__TASK INPUT__.

---

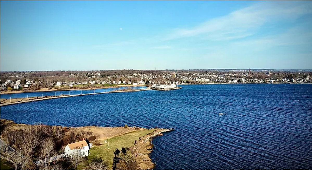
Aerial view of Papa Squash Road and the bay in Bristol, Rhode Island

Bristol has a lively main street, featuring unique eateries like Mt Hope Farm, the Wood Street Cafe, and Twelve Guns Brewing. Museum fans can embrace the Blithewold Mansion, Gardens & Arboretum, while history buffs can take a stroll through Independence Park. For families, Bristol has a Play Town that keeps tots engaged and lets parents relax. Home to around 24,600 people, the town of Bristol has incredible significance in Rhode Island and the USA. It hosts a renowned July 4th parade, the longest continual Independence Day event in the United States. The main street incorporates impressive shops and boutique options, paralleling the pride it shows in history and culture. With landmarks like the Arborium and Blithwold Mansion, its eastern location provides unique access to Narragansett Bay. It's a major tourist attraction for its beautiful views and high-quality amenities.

---

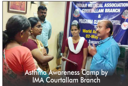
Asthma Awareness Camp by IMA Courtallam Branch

---

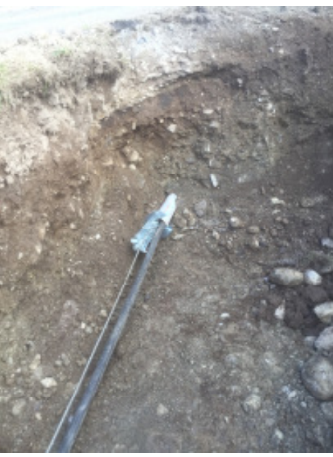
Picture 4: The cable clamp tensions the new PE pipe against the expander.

---

__WHAT IS BEING ASKED__. In the records, locate each line holding the string "Rhode" and copy it.

__YOUR RESPONSE__.
Aerial view of Papa Squash Road and the bay in Bristol, Rhode Island
Bristol has a lively main street, featuring unique eateries like Mt Hope Farm, the Wood Street Cafe, and Twelve Guns Brewing. Museum fans can embrace the Blithewold Mansion, Gardens & Arboretum, while history buffs can take a stroll through Independence Park. For families, Bristol has a Play Town that keeps tots engaged and lets parents relax. Home to around 24,600 people, the town of Bristol has incredible significance in Rhode Island and the USA. It hosts a renowned July 4th parade, the longest continual Independence Day event in the United States. The main street incorporates impressive shops and boutique options, paralleling the pride it shows in history and culture. With landmarks like the Arborium and Blithwold Mansion, its eastern location provides unique access to Narragansett Bay. It's a major tourist attraction for its beautiful views and high-quality amenities.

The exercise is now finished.